Then, use the pandas correlation function to calculate the correlations between the original and shifted data. Store the result in the float variables `weekly_corr` and `biweekly_corr`.

In [None]:
# customers_week_before = 
# customers_2_weeks_before = 

# weekly_corr = 
# biweekly_corr = 

# YOUR CODE HERE
raise NotImplementedError()

In [None]:
assert isinstance(customers_week_before, pd.Series) and isinstance(customers_2_weeks_before, pd.Series), \
'The results should be a series.'
assert int(customers_week_before.loc['2016-01-09']) == int(customers_2_weeks_before.loc['2016-01-02']), \
"Did you shift the data correctly?"
np.testing.assert_almost_equal(weekly_corr, 0.66, decimal=2, err_msg="Not correct, try again.")
np.testing.assert_almost_equal(biweekly_corr, 0.56, decimal=2, err_msg="Not correct, try again.")

### 6.3 Negative trends

You were very fast and impressed your boss. Now you should dive deeper and analyze data from all stores. Find out which stores have a negative trend in customer numbers. The answer should be a list of the store numbers (integers) called `stores_neg_trend`. 

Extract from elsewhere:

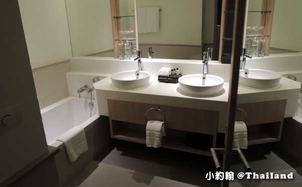 Amari房間浴室不算大,但實用性高,兩個洗手槽、浴缸、淋浴間、馬桶間。

This one is a bit harder and there are several ways to solve it. A few clues:
- Assume linear trends where the trend is characterized by the slope of the linear regression.
- This is just an EDA, we're not building a predictive model, so you don't need to split your dataset.
- For each store time series, don't forget to fill the missing dates using a `KNNImputer`.

In [None]:
# stores_neg_trend = 

# YOUR CODE HERE
raise NotImplementedError()

In [None]:
assert isinstance(stores_neg_trend,list), 'The result should be a list.'
assert len(stores_neg_trend) == 32, 'The length of the list is not correct.'
assert hashlib.sha256(json.dumps(''.join([str(i) for i in sorted(stores_neg_trend)])).encode()).hexdigest() == \
'da7dbee9e8e950abcbe18f37a82b783a75df8a7e979d33112fbd85f7ee45e947', 'Not correct, try again.'
print("Correct! Your boss is ecstatic about your work and decides to give you a 200% raise!...")